Your objective
Type out each entry exactly as it appears, but keep every image out.

Supplied data
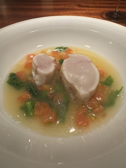 通常素材が悪くなったものを、バターやソース、フォアグラなどで補うのがフランスのフランス料理ですが、藤本さんなどの国内最高級の素材を使うことで取り繕わずに美味しさを引き出せる、四方を豊かな海に囲まれた日本流のフランス料理といったところです。ただ食材を煮詰めてソースを作るというフランス料理の王道的技法はそこに存在しております。
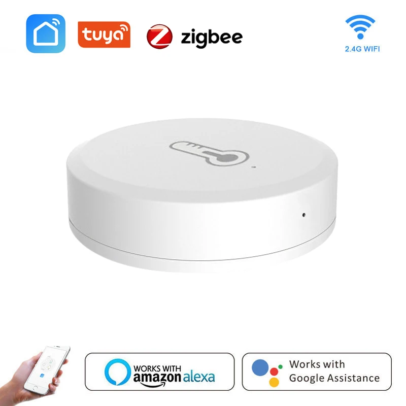 Умный датчик температуры и влажности Tuya Wi-Fi, комнатный гигрометр, термометр с поддержкой Alexa Google Assistant, Zigbee Gateway Hub
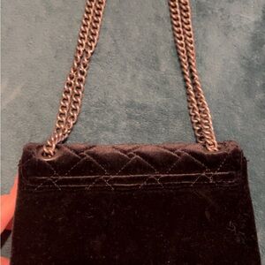 Stylish black shoulder bag adorned with colorful embellishments. Perfect for adding a pop of color to any outfit.
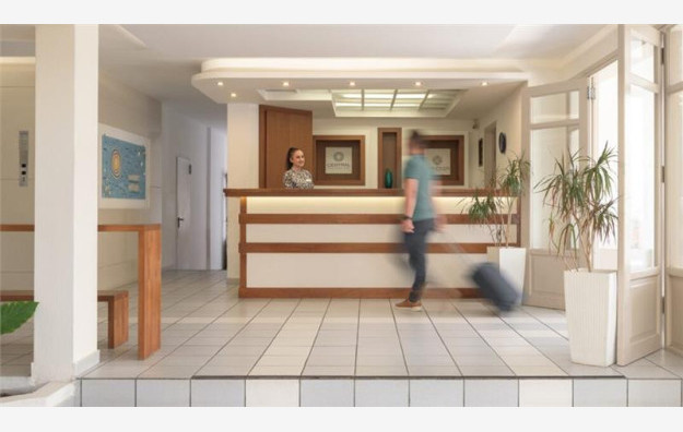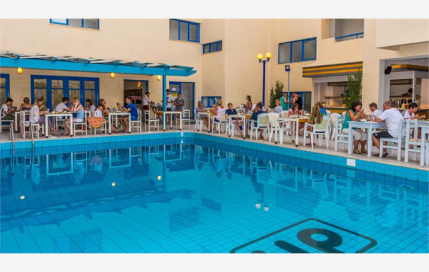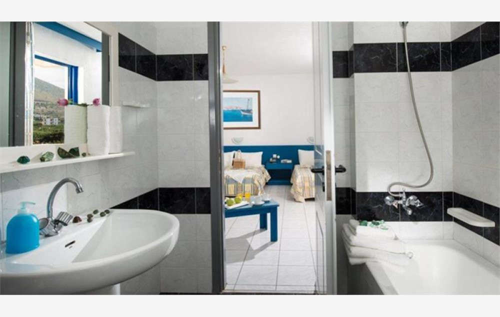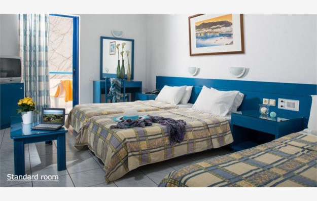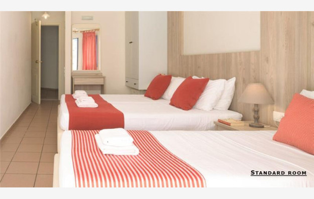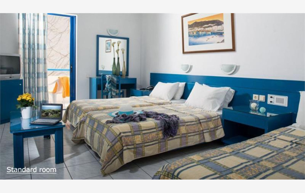 Hotel se sastoji od 90 soba raspoređenih u dve zgrade, glavnu i anex zgradu. Agencija Big Blue svojim putnicima nudi smeštaj u sobama koje se nalaze u glavnoj zgradi u kojoj se nalazi recepcija i ostali sadržaji. Gostima su na raspolaganju sobe tipa standard, kapaciteta maksimum tri osobe i beba, koje sadrže francuski ležaj ili dva standardna ležaja i jedan dodatni ležaj koji može biti standardni ili pomoćni. Sve sobe su po svojoj osnovnoj strukturi dvokrevetne, dok ostali ležajevi mogu biti pomoćni. Sve sobe raspolažu kupatilom (tuš kada ili kada), fenom za kosu, SatTV-om, frižiderom, klima uređajem (besplatno), wi-fi internetom (besplatno) i sefom (uz doplatu na licu mesta, po sobi 2 evra dnevno). Bebi krevetac je na raspolaganju gostima besplatno (obavezna najava prilikom rezervacije).
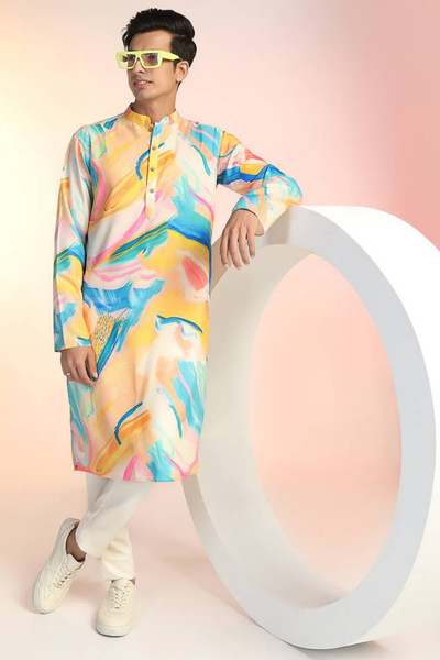 If you are someone who likes to splash colours in their look, then this design is for you. The design of the kurta is very simple. The kurta features a multicoloured pattern all along the kurta design. It also has a simple Chinese collar and full sleeves that make it perfect for Diwali parties.
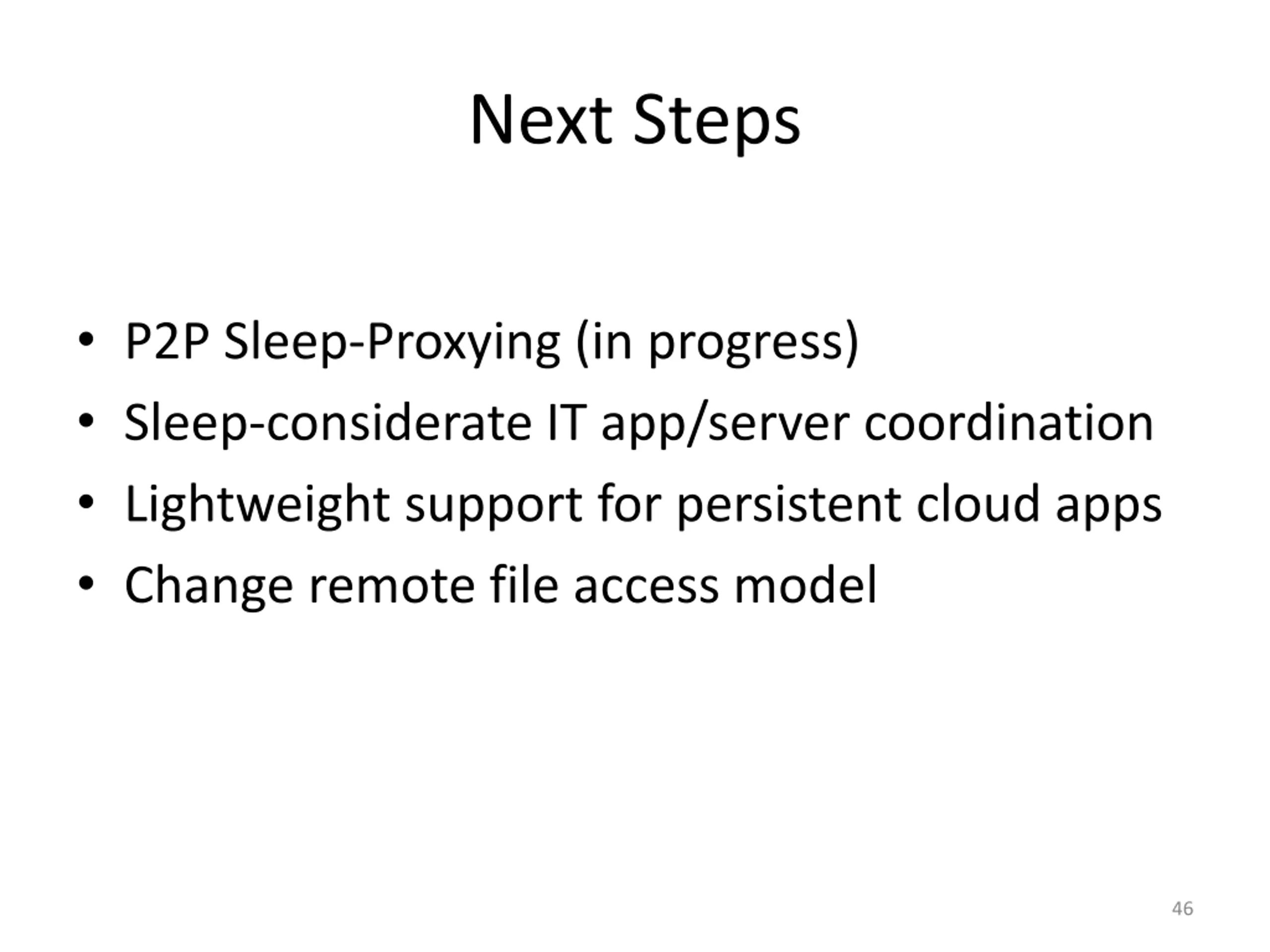 Next Steps P2P Sleep-Proxying (in progress) Sleep-considerate IT app/server coordination Lightweight support for persistent cloud apps Change remote file access model 46
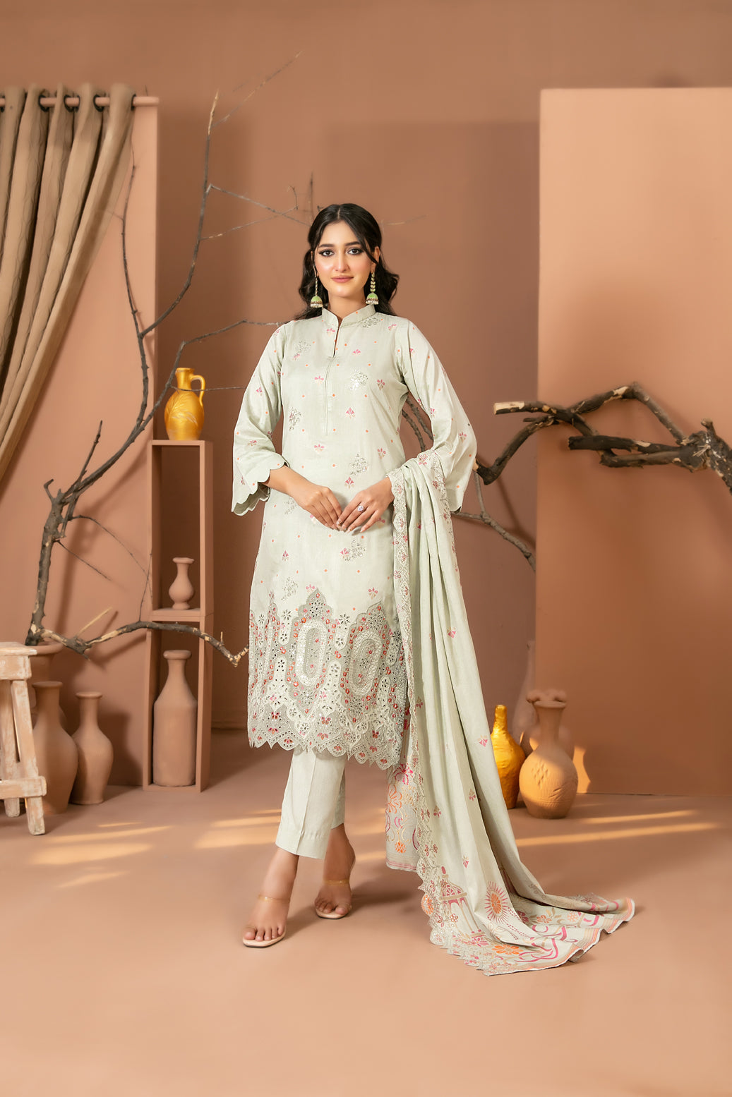 • Un-stitched Embroidered Staple Banarsi Shirt Fabric with
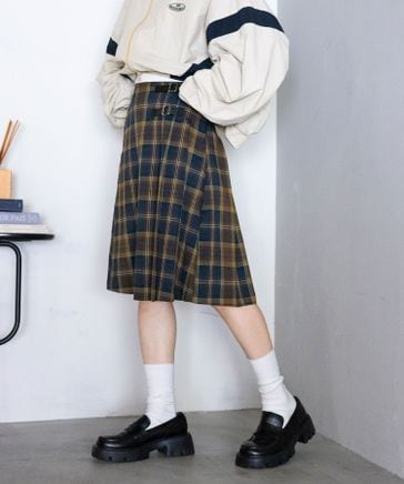 【WOMENS】選べる着丈/Wベルトキルトチェックプリーツスカート
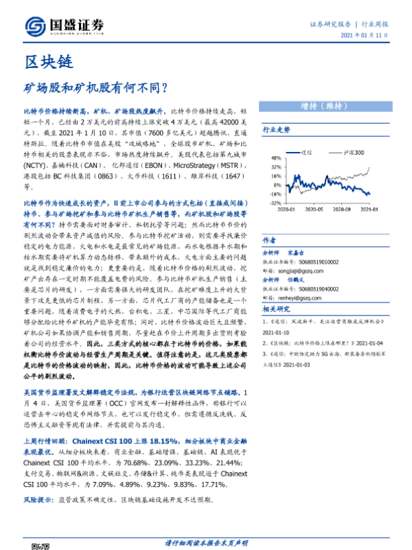 【国盛证券】【20210111】区块链行业周报:矿场股和矿机股有何不同?-9页
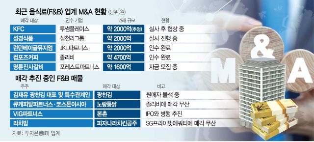 투자은행(IB) 업계에서는 ‘K-푸드’ 열기 속 이번 KFC딜을 계기로 F&B 인수합병(M&A) 시장이 다시 달아오를지 기대하는 분위기다. 3일 업계에 따르면 최근 국내 F&B 시장에 굵직한 매물들이 잇따라 나오고 있다. '줄 서서 먹는 베이글'로 잘 알려진 런던베이글뮤지엄이 최근 사모펀드 JKL파트너스에 약 2000억 원에 팔리면서 화제가 된 바 있다. 조미김 제조업체 성경식품은 삼천리그룹이 우선협상대상자로 선정돼 실사를 진행 중이다. 김 시장의 또 다른 강자인 광천김도 경영권 매각을 공식화하고 주관사 선정을 마쳤다. 두 회사 모두 미국과 유럽 등 해외 수출 비중이 높고, 제조와 포장 등 생산 체계를 갖추고 있어 인수 후보들의 관심이 크다.

Task output
 通常素材が悪くなったものを、バターやソース、フォアグラなどで補うのがフランスのフランス料理ですが、藤本さんなどの国内最高級の素材を使うことで取り繕わずに美味しさを引き出せる、四方を豊かな海に囲まれた日本流のフランス料理といったところです。ただ食材を煮詰めてソースを作るというフランス料理の王道的技法はそこに存在しております。
 Умный датчик температуры и влажности Tuya Wi-Fi, комнатный гигрометр, термометр с поддержкой Alexa Google Assistant, Zigbee Gateway Hub
 Stylish black shoulder bag adorned with colorful embellishments. Perfect for adding a pop of color to any outfit.
 Hotel se sastoji od 90 soba raspoređenih u dve zgrade, glavnu i anex zgradu. Agencija Big Blue svojim putnicima nudi smeštaj u sobama koje se nalaze u glavnoj zgradi u kojoj se nalazi recepcija i ostali sadržaji. Gostima su na raspolaganju sobe tipa standard, kapaciteta maksimum tri osobe i beba, koje sadrže francuski ležaj ili dva standardna ležaja i jedan dodatni ležaj koji može biti standardni ili pomoćni. Sve sobe su po svojoj osnovnoj strukturi dvokrevetne, dok ostali ležajevi mogu biti pomoćni. Sve sobe raspolažu kupatilom (tuš kada ili kada), fenom za kosu, SatTV-om, frižiderom, klima uređajem (besplatno), wi-fi internetom (besplatno) i sefom (uz doplatu na licu mesta, po sobi 2 evra dnevno). Bebi krevetac je na raspolaganju gostima besplatno (obavezna najava prilikom rezervacije).
 If you are someone who likes to splash colours in their look, then this design is for you. The design of the kurta is very simple. The kurta features a multicoloured pattern all along the kurta design. It also has a simple Chinese collar and full sleeves that make it perfect for Diwali parties.
 Next Steps P2P Sleep-Proxying (in progress) Sleep-considerate IT app/server coordination Lightweight support for persistent cloud apps Change remote file access model 46
 • Un-stitched Embroidered Staple Banarsi Shirt Fabric with
 【WOMENS】選べる着丈/Wベルトキルトチェックプリーツスカート
 【国盛证券】【20210111】区块链行业周报:矿场股和矿机股有何不同?-9页
 투자은행(IB) 업계에서는 ‘K-푸드’ 열기 속 이번 KFC딜을 계기로 F&B 인수합병(M&A) 시장이 다시 달아오를지 기대하는 분위기다. 3일 업계에 따르면 최근 국내 F&B 시장에 굵직한 매물들이 잇따라 나오고 있다. '줄 서서 먹는 베이글'로 잘 알려진 런던베이글뮤지엄이 최근 사모펀드 JKL파트너스에 약 2000억 원에 팔리면서 화제가 된 바 있다. 조미김 제조업체 성경식품은 삼천리그룹이 우선협상대상자로 선정돼 실사를 진행 중이다. 김 시장의 또 다른 강자인 광천김도 경영권 매각을 공식화하고 주관사 선정을 마쳤다. 두 회사 모두 미국과 유럽 등 해외 수출 비중이 높고, 제조와 포장 등 생산 체계를 갖추고 있어 인수 후보들의 관심이 크다.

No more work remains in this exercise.